Go to the line containing "Ventilatore manuale divertente" in the material below. From there to the end, retype every line exactly and drop the pictures.

Source data ▸
____
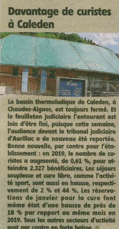 Le dimanche 2 février 2020, le journal La Montagne publiait un billet annonçant « davantage de curistes à Caleden » :
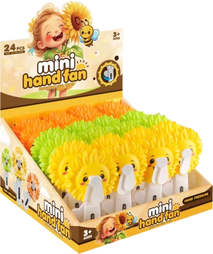 Ventilatore manuale divertente e pratico a forma di girasole per un rapido rinfresco nelle giornate calde. Azionamento meccanico a volano senza batterie, elica in plastica sicura e comando semplice con la pressione della leva: ideale per bambini e adulti in viaggio, in gita o al mare.
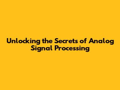 Unlocking The Secrets Of Analog Signal Processing
____
Exercise answer ▸
 Ventilatore manuale divertente e pratico a forma di girasole per un rapido rinfresco nelle giornate calde. Azionamento meccanico a volano senza batterie, elica in plastica sicura e comando semplice con la pressione della leva: ideale per bambini e adulti in viaggio, in gita o al mare.
 Unlocking The Secrets Of Analog Signal Processing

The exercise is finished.